No
one has ever confused the films of Wes Anderson
with those of the Dardenne Brothers, but in
their own inventive way, they can be just as
touching. Anderson’s latest, The Grand Budapest
Hotel, is very much in the audacious visual
style of his previous comic fantasies - absurd
situations, oddball characters, and zany action
unfolding at a frantic pace. Here, however, the
film’s unique voice and compelling performances
has an underlying humanity that celebrates the
social fabric of a civilized society where
sensitivity and consideration for others had not
yet gone the way of the hula hoop.
Inspired by the autobiography, The World of
Yesterday, by Stefan Zweig that describes the
culture of intellectuals, poets, composers, and
playwrights in pre-World War I Vienna, The Grand
Budapest Hotel takes place in Eastern Europe in
the period between the two world wars, when
fascism began its barbaric onslaught against
civilized society. Set in the fictional country
of Zubrowka, the film opens in the mid 1980s as
an elderly author (Tom Wilkinson) talks about
his meeting in 1968 (Jude Law playing the
younger writer) with Zero Moustafa (F. Murray
Abraham), the owner of the Grand Budapest Hotel,
a once luxurious but now decaying palace high on
a remote mountain accessible only by cable car.
As Moustafa relates how he began as a lobby boy
and rose to be the hotel’s proprietor, the scene
shifts to 1932 where Gustave H., played by Ralph
Fiennes in one of his most convincing
performances, is the flamboyant concierge who
services some of the elderly hotel patrons in
more ways than one. His closest relationship
appears to be one with the 84-year old Madame D.
(Tilda Swinton) whose sudden death touches off a
drama that involves Gustave and immigrant lobby
boy, Zero Moustafa (Tony Revolori) in one caper
after another, the mutually supportive
relationship between Gustave and Zero being the
centerpiece of the film.
As the threat of war hangs like a pall over the
horizon, Gustave is left a priceless painting
(Boy With Apple) in Madame D. will leading to
his pursuit by Madame D.’s treacherous son
Dmitri (Adrien Brody), whose hit man is the
sinister Nazi-like Jopling (Willem Dafoe).

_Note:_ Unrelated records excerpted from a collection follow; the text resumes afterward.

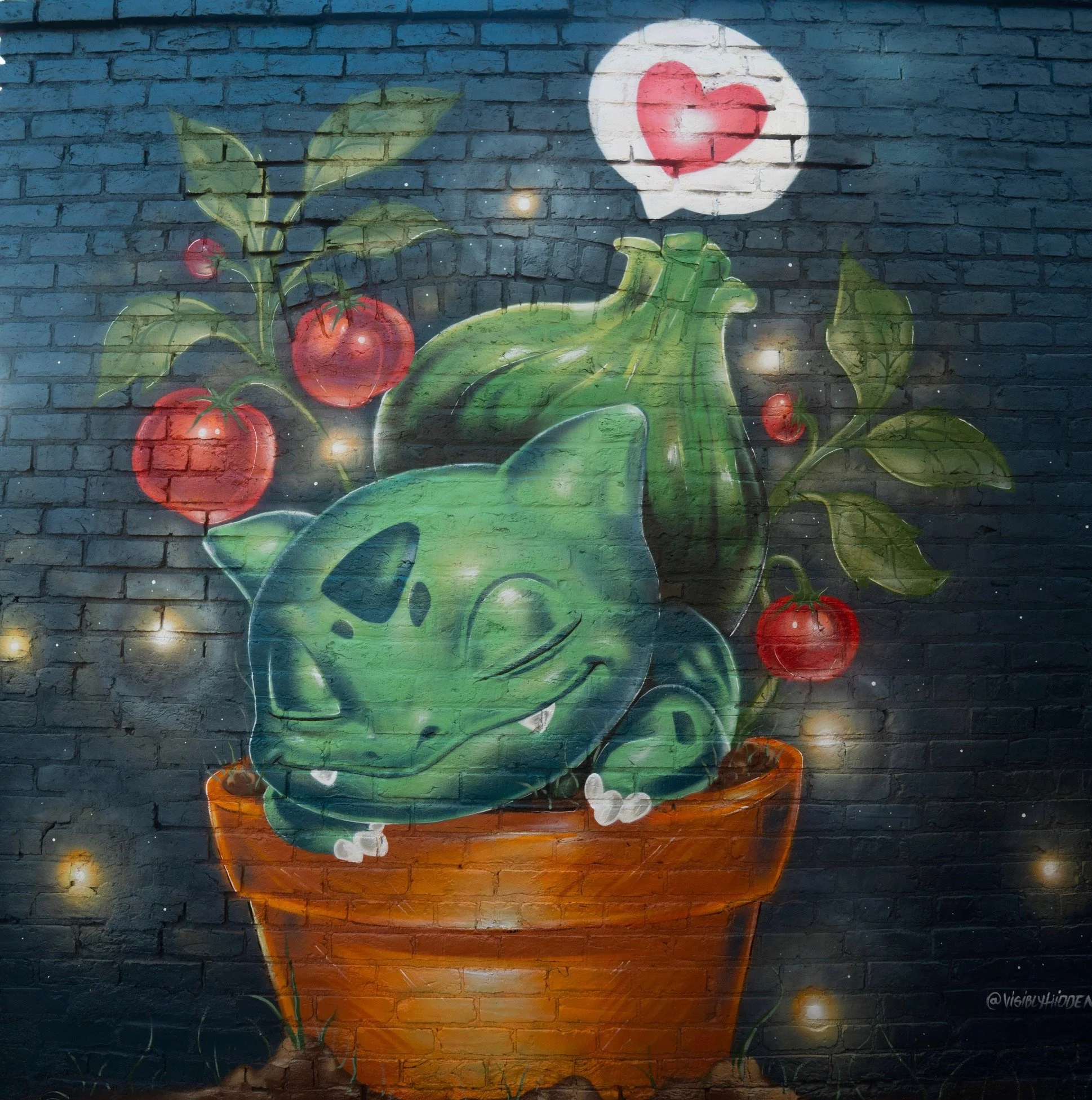 “The mural is about appreciating plant life such as vegetables, growth, and nature. At its center is a Bulbasaur in slumber, representing a coexistence of life and plant appreciation. Though fictional, Bulbasaur is a unique symbol: a living creature that is also a plant. It reflects how we value and connect with living beings, whether a dog, a cat, or in this case, an imagined plant-animal hybrid.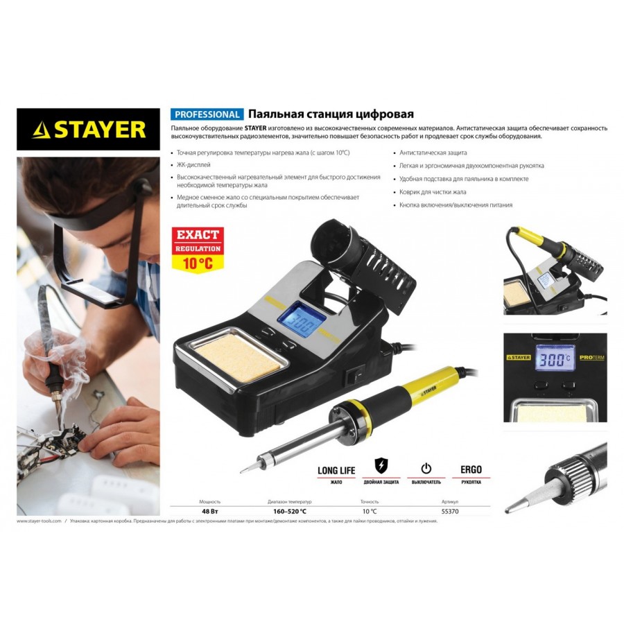 55370 | Паяльная станция цифровая с ЖК дисплеем, диапазон 160-520°C, шаг 10°C, 48Вт, STAYER PROFI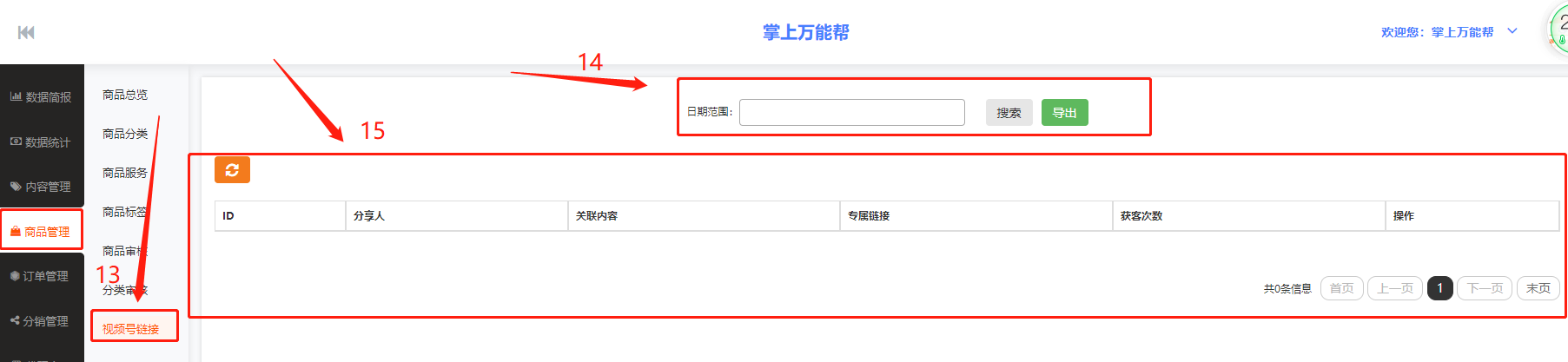 15、15框栏:15框栏中包括ID、分享人、关联内容、所属链接、获客次数、操作、可在项目栏中进行编辑查看数据。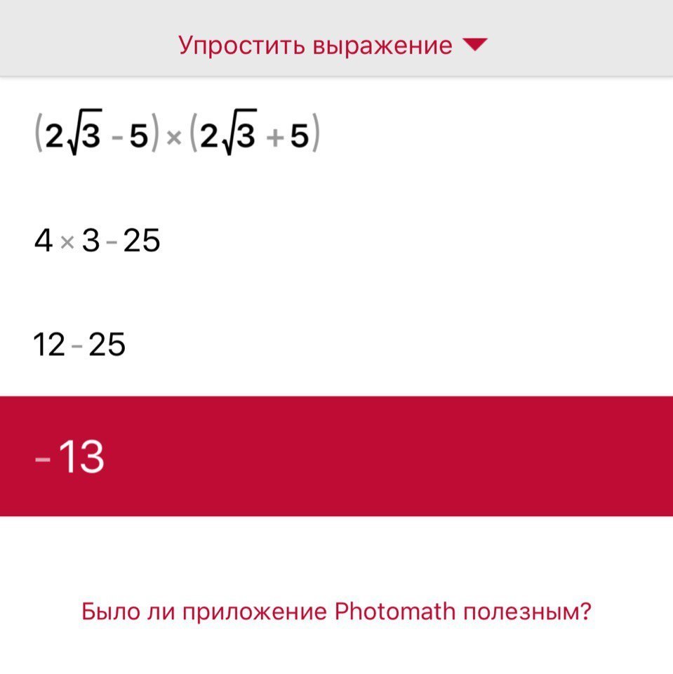 по формуле (а-б)(а+б)=а в квадрате минус б в квадрате: =(2*корень из 3) в квадрате минус 5 в квадрате= -13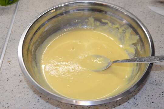 2. Добавила муку, смешанную с содой. Мне кажется, что муки всё-таки маловато, тесто слишком жидкое получилось.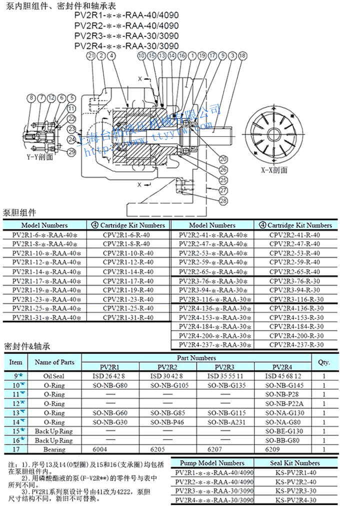 高壓定量葉片泵PV2R4泵內(nèi)膽組件、密封件和軸承表下載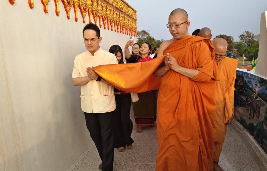 นายอำเภออุทุมพรพิสัย ลั่นฆ้องชัยเปิดงานบุญประเพณี สืบสานเดือนสาม บุญกุ้มข้าวใหญ่ ไหว้พระธาตุหนุนดวง ประจำปี2569 ที่วัดนาโนน ตำบลหนองไฮ อำเภออุทุมพรพิสัย จังหวัดศรีสะเกษ

Another of his pursuers is the much gentler
captain of the Lutz Military Police, Albert
Henckels (Edward Norton), an old friend of
Gustave whose heart doesn’t seem to be in his
job. Madame D.’s lawyer, Deputy Vilmos Kovacs
(Jeff Goldblum) who insists on applying the rule
of law, is one of the few sane people in the
film.
The plot is full of twists and turns, filled
with one hilarious situation after another, all
unfolding with high energy and backed by the
luminous score of Alexandre Desplat. One of the
highlights is a chase scene between Gustave and
Zero being pursued by Jopling over a Winter
Olympics downhill course where red flags provide
no obstacle. When Gustave is framed by Dimitri
and ends up at Check Point 19, a forbidding
looking prison resembling a concentration camp,
Zero and his fiancée Agatha (Saoirse Ronan), a
pastry chef apprentice who makes super appealing
confections created in the kitchen of Mendl's
Patisserie, help him escape with the aid of
Buster Keaton-type ladders, the criminal Ludwig
played by a bald Harvey Keitel, and a secret
society of hotel concierges known as the Society
of Crossed Keys (Bill Murray and Bob Balaban
among others).
Eventually, they are confronted by Nazis who are
coming to power in the area and have moved into
the hotel. Though on the surface, The Grand
Budapest Hotel is a Mack Sennett-like comedy,
beneath the surface, the film touches on
universal themes and has a serious purpose. Old
West story teller Charles Russell wrote an
inscription in a gift of his stories to an old
friend that could serve as a metaphor for the
film, “Friend Tom,” he wrote, “this book is of
the days that you and I knew. They are history
now. When the nester turned the west grass side
down, he buried the trails we traveled, but he
could not wipe from our memory the life we
loved. Man may lose a sweetheart but he don’t
forget her.” Like the book, we cannot easily
forget this film or the nostalgia it invokes.